What the task asks | A faithful copy of the data, pictures omitted, is the required answer.

Records for this exercise |
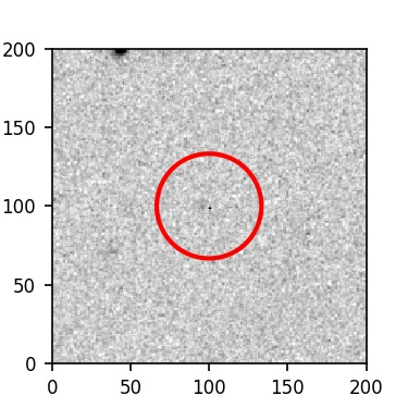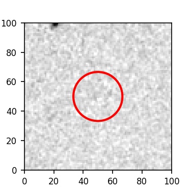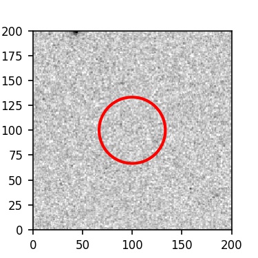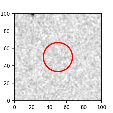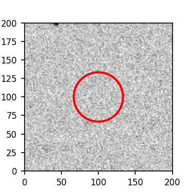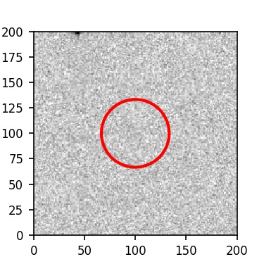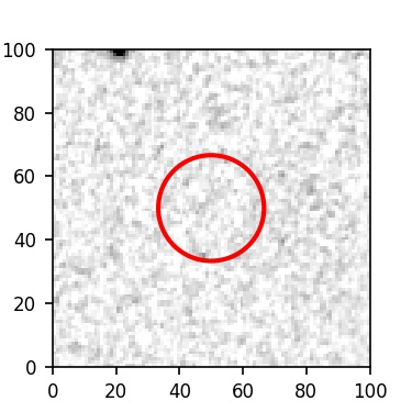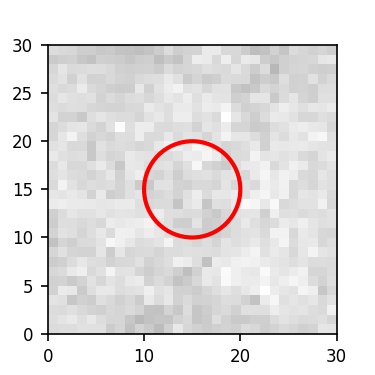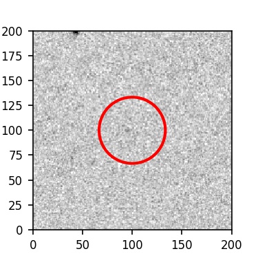 The red circle in the various panels is 1" in radius. The images are 6"x6".
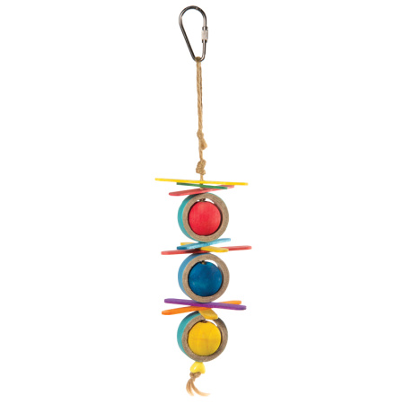 Игрушка для птиц в виде подвески с деревянными шариками в картонных колечках и палочками-вертушками. Крепление: карабин. Цвет: в ассортименте. Размер: 240/270*65мм.
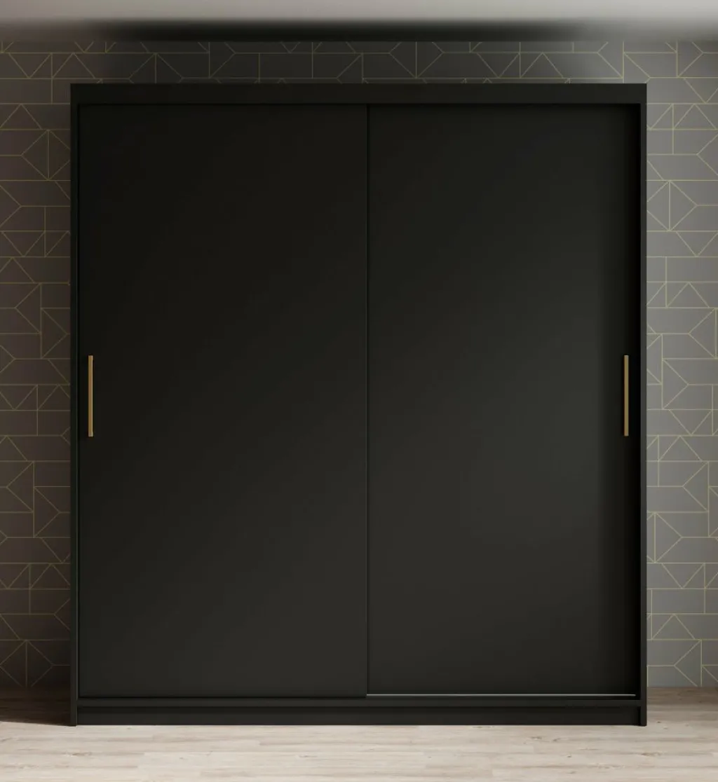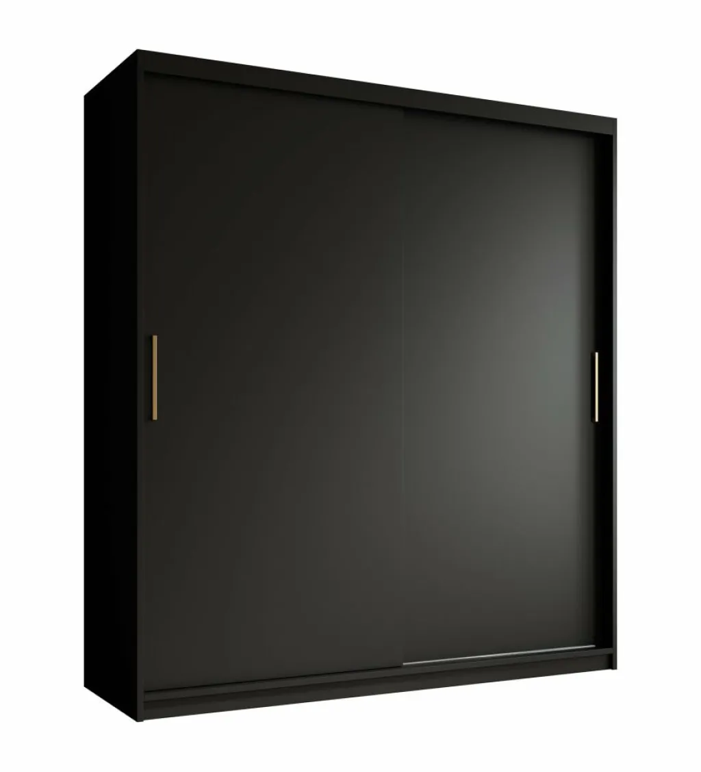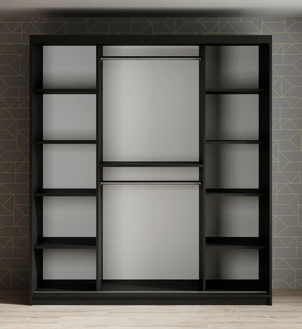 Garderobekast Mandalin is een moderne kast uitgevoerd in mat zwarte kleur. De kledingkast heeft twee schuifdeuren met daarachter veel opbergruimte, namelijk 10 opbergvakken en 2 kledingroedes om kleren aan op te hangen. De deuren zijn te openen middels goudkleurige handgrepen.
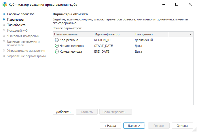 На странице «Параметры» задаётся список параметров объекта. Параметры позволяют формировать содержимое объекта динамически.
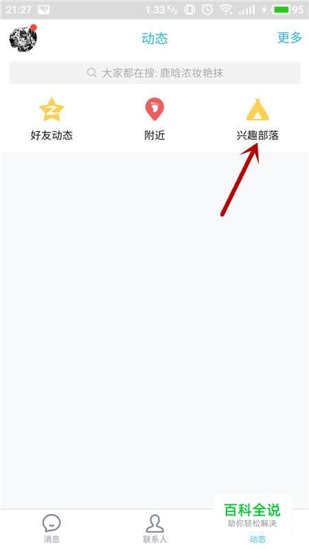 进入动态界面,选择“兴趣部落”
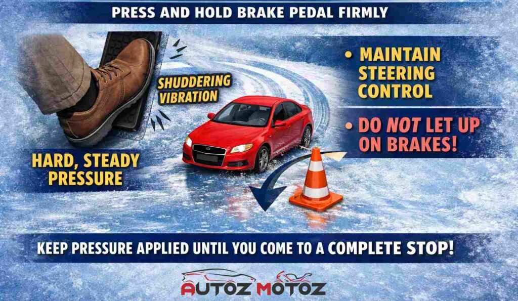 Emergency stops on frozen surfaces are most effectively managed when the vehicle’s anti-lock braking system is fully engaged. If a skid cannot be corrected or an obstacle must be avoided, the brake pedal should be pushed down with maximum force and held firmly without release. Because the onboard computer is designed to optimize deceleration, each wheel is monitored to provide the most aggressive braking allowed by the available traction. Furthermore, the ability to maneuver around hazards is maintained even while the pedal is fully depressed. Although a shuddering vibration is often felt through the foot as the system activates, the pressure must be sustained until the vehicle is safely halted.
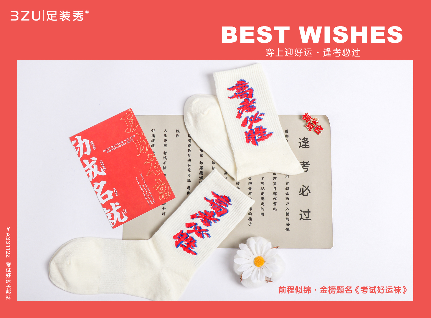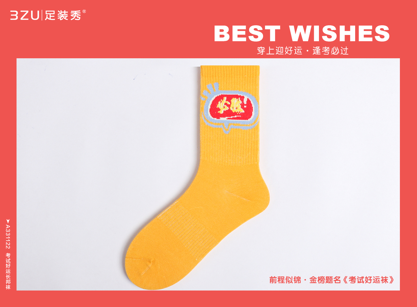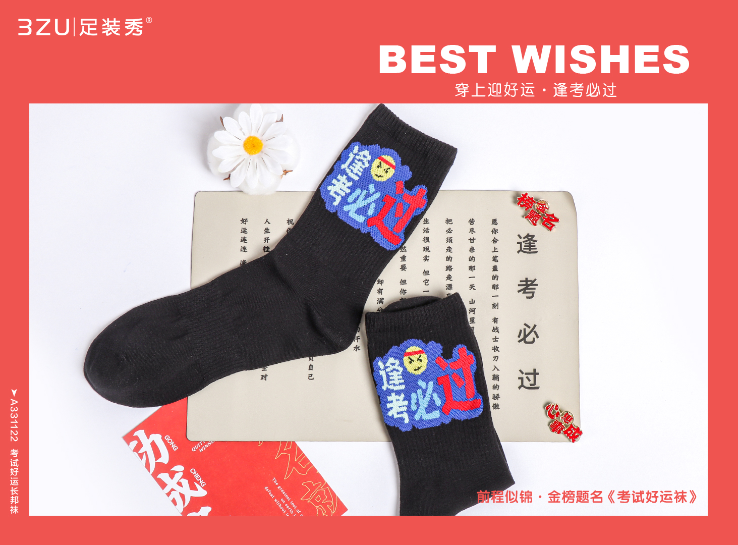 23春夏新品精梳棉200针编织考试好运手工缝头长邦袜男女均可穿
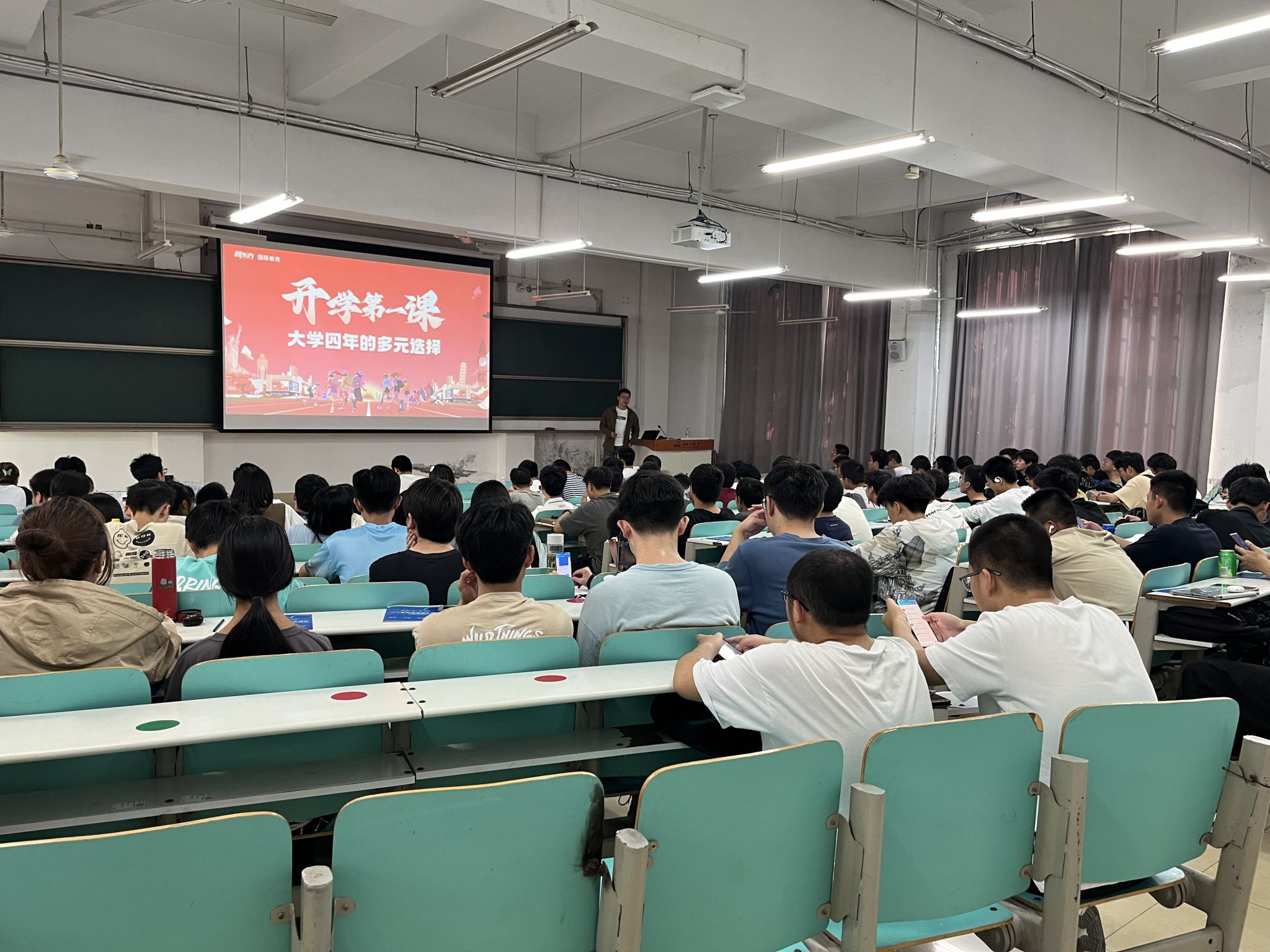 报告中,刘学东以“大学关键词”“大学生公式”为切入点,引发学生思考个人意向的大学生活;随后,结合大学成长规律、专业发展趋势、行业形势等内容,通过“时间线”和“发展路径线”带领同学们梳理各个阶段成长发展的要点。他叮嘱同学们,要牢牢把握住学业根本,培养提升个人核心竞争力;鼓励同学们提早做好个人生涯规划,并能针对性做好能力素质储备,以充足的准备迎接未来的发展。报告中,气氛轻松活跃,内容重点连连,同学们反响热烈。

Solution for this exercise |
 The red circle in the various panels is 1" in radius. The images are 6"x6".
 Игрушка для птиц в виде подвески с деревянными шариками в картонных колечках и палочками-вертушками. Крепление: карабин. Цвет: в ассортименте. Размер: 240/270*65мм.
 Garderobekast Mandalin is een moderne kast uitgevoerd in mat zwarte kleur. De kledingkast heeft twee schuifdeuren met daarachter veel opbergruimte, namelijk 10 opbergvakken en 2 kledingroedes om kleren aan op te hangen. De deuren zijn te openen middels goudkleurige handgrepen.
 На странице «Параметры» задаётся список параметров объекта. Параметры позволяют формировать содержимое объекта динамически.
 进入动态界面,选择“兴趣部落”
 Emergency stops on frozen surfaces are most effectively managed when the vehicle’s anti-lock braking system is fully engaged. If a skid cannot be corrected or an obstacle must be avoided, the brake pedal should be pushed down with maximum force and held firmly without release. Because the onboard computer is designed to optimize deceleration, each wheel is monitored to provide the most aggressive braking allowed by the available traction. Furthermore, the ability to maneuver around hazards is maintained even while the pedal is fully depressed. Although a shuddering vibration is often felt through the foot as the system activates, the pressure must be sustained until the vehicle is safely halted.
 23春夏新品精梳棉200针编织考试好运手工缝头长邦袜男女均可穿
 报告中,刘学东以“大学关键词”“大学生公式”为切入点,引发学生思考个人意向的大学生活;随后,结合大学成长规律、专业发展趋势、行业形势等内容,通过“时间线”和“发展路径线”带领同学们梳理各个阶段成长发展的要点。他叮嘱同学们,要牢牢把握住学业根本,培养提升个人核心竞争力;鼓励同学们提早做好个人生涯规划,并能针对性做好能力素质储备,以充足的准备迎接未来的发展。报告中,气氛轻松活跃,内容重点连连,同学们反响热烈。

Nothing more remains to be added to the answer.